For, as last week's WORLD made clear in its cover story, it wasn't altogether the mean-spiritedness of Ms. Chavez's enemies that did her in. "I gave them ammunition," she told WORLD editor Marvin Olasky in a telling phrase that sadly summarizes the failures so many of us have experienced in our own lives, and the frustrations that have so often capped our ambitions. We did a lot of things right, and perhaps even extremely well. But as with Ms. Chavez, there were one or two things we didn't do well, and they came back to haunt us.

Even our new president came perilously close to tripping over such a small matter. It is conventional wisdom among political experts that Mr. Bush's failure to disclose an old drunk-driving conviction came within a cat's whisker of costing him last November's election. Without the distracting report, many pundits think, Mr. Bush might not have left Florida in a cliffhanger and might well have carried several other very close states. How many times, especially during the interminable Florida recounts, must Mr. Bush have asked himself: "Why didn't I get it all out earlier?"

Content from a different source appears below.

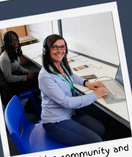
Coaching community and support

And does John Ashcroft wish he could go back and use some term other than "pro-criminal" to describe Ronnie White, the black judge from Missouri whose appointment to the federal bench Mr. Ashcroft successfully scuttled? The argument against Mr. White was probably good enough on its merits; the use of an inflammatory pejorative like "pro-criminal" almost certainly has hurt Mr. Ashcroft more than it did Mr. White.

Watching good people like Ms. Chavez, Mr. Bush, and Mr. Ashcroft trip over the little things hurts only partly because we hate to see their good ideas either permanently derailed or temporarily short-circuited. It hurts also because it reminds us how many other good folks may step aside from public service just because of the fear that some past issue, pesky and small, might surface as an embarrassment.

There is, of course, an easy way to keep that from happening. It's called repentance. It involves getting it all right out in public view-before God and everyone else as well. It involves saying, "I'm a sinner, and nobody knows it better than I do. But I also know what grace is, and in the same way it's been extended to me, I'm going to extend it to others."